Strings formatted with .format() give translators more context. The .format() method is also more expressive, and is the preferred way to format strings in Python 3.

Good:
```
"Welcome to {site_title}".format(site_title=site_title)
```
Bad (not enough context for translators):
```
"Welcome to %s" % site_title
```
Use descriptive names for replacement fields in strings.

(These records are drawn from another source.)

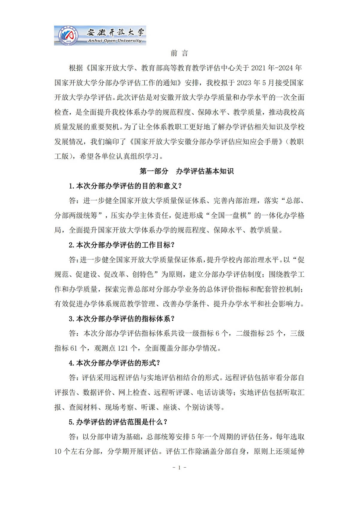 國家開放大學(xué)分部辦學(xué)評估應(yīng)知應(yīng)會(教職工版)
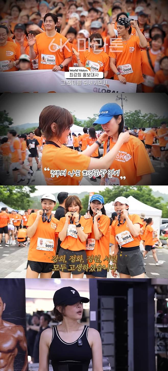 6km 완주에 성공한 최강희는 "옛날부터 '나도 최강희'랑 같이 월드비전 (마라톤에) 와보고 싶었다. 같이 와서 너무너무 기쁘다"라며 소감을 전했다.
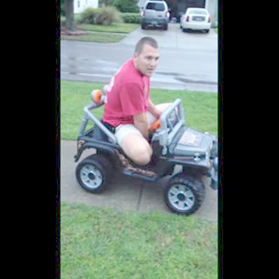 A man rides a child's power wheel Jeep down a hill, then it breaks in half.
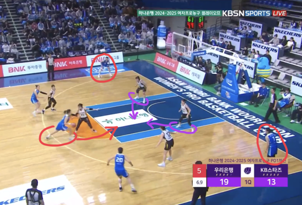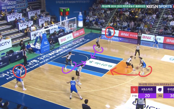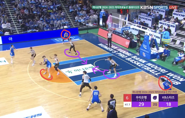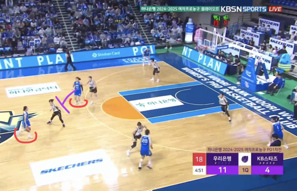 그리고 이에 대해 KB는 우리은행의 양쪽 코너맨을 마크하는 송윤하와 강이슬이 코너맨과 거리를 두고 로우 포스트에 위치, 김단비의 돌파를 막기 위한 헬프를 준비한다.
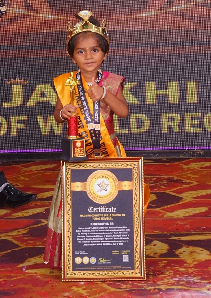 P. NIKSHITHA SRI, born on August 11, 2021, from Star Kids Montessori School,Attur, Salem, Tamil Nadu, India, has demonstrated exceptional cognitive skills by, Reciting 30 collective nouns of animals in 1 minute 40 seconds. Identifying 25 animals in 2 minutes 12 seconds. Naming 20 fruits in 2 minutes 05 seconds. Recognizing 27 objects in 2 minutes 12 seconds.
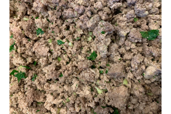 2-Using a large frying pan, saute the finely diced garlic and onion if using. Then ground the meat. Transfer it to a mixing bowl and add the finely chopped parsley and dill along with salt and red peppers (if using).
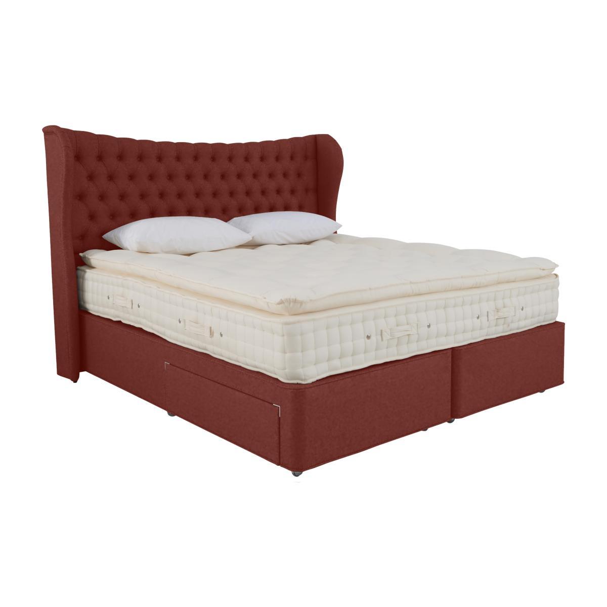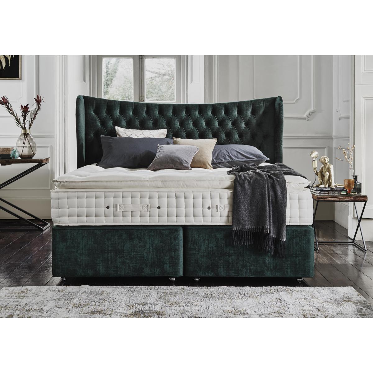 Discover the unparalleled comfort and support of the beautifully handcrafted Hypnos Bespoke Emperor range. This premium collection boasts a luxuriously comfortable pocket sprung, pillow top mattress with a stylish contemporary divan base and headboard that brings a touch of luxury to any bedroom. With Red Tractor-assured 100% British wool and all-natural fillings, its cosy layers of rich natural fillings support the body during sleep and ensure you wake up feeling rejuvenated every morning. Best of all, it offers a range of space-saving ottoman and drawer options for all your storage needs. The Hypnos Bespoke Emperor range is handcrafted in Britain by skilled artisan bedmakers exclusively for Furniture Village. Sleep like royalty with the luxurious, handcrafted Hypnos Bespoke Emperor Mattress with Divan Base. With its wide range of storage options, keeping your bedroom looking beautiful couldn’t be easier. Why you’ll love it. Luxurious divan set with 3,300 pocket springs and pillow top. Space-saving ottoman and drawer storage options. Sumptuous layers of Red Tractor-assured 100% British wool and natural fillings. 100% sustainable and recyclable. Choose between a medium, firm or dual tension mattress. Available in a beautiful selection of colours and fabrics. Pairs beautifully with Hypnos headboards. Handmade in Britain by skilled artisans exclusively for Furniture Village. What you need to know. Headboard shown is available seperately. Mattress type: Pocket spring. Depth: 30 cm. Firmness: Medium and firm. Springs: 3300 springs. Pillow top: Yes. Fillings: Red Tractor-assured 100% British wool, natural flax, hemp and cotton fillings. Cover: Cotton and viscose. Sizes: Super king, king, double, small double, single. Requires turning: No, just rotate regularly. Storage: Yes. Ottoman and drawer options. Care: Please air your new mattress for four hours to remove any aroma from storage. It may take time for your mattress to attain its full size once the springs have settled to the correct position. Settlement of fillings and indentations caused by body weight compressing the fillings are natural and not considered defects. Be sure to rotate this mattress regularly.

This gives translators more context.

Good:
```
"Welcome to {site_title}".format(site_title=site_title)
```
Bad (not enough context for translators):
```
"Welcome to {0}".format(site_title)
```
Worse (doesn’t work in Python 2.6):
```
"Welcome to {}".format(site_title)
```
Use TRANSLATORS: comments to provide extra context for translators for difficult to find, very short, or obscure strings.

For example, in Python:
```
# TRANSLATORS: This is a helpful comment.
_("This is an ambiguous string")
```
In Jinja2:
```
{# TRANSLATORS: This heading is displayed on the user's profile page. #}
<h1>{% trans %}Heading{% endtrans %}</h1>
```
In JavaScript:
```
// TRANSLATORS: "Manual" refers to the user manual
_("Manual")
```
These comments end up in the ckan.pot file and translators will see them when they’re translating the strings (Transifex shows them, for example).

Note

The comment must be on the line before the line with the _(), ungettext() or {% trans %}, and must start with the exact string TRANSLATORS: (in upper-case and with the colon). This string is configured in setup.cfg.

Todo

Explain how to use message contexts, where the same exact string may appear in two different places in the UI but have different meanings.

For example “filter” can be a noun or a verb in English, and may need two different translations in another language. Currently if the string _("filter") appears in different places in CKAN this will only produce one string to be translated in the ckan.pot file.

I think the right way to handle this with gettext is using msgctxt, but it looks like babel doesn’t support it yet.

Todo

Explain how we internationalize dates, currencies and numbers (e.g. different positioning and separators used for decimal points in different languages).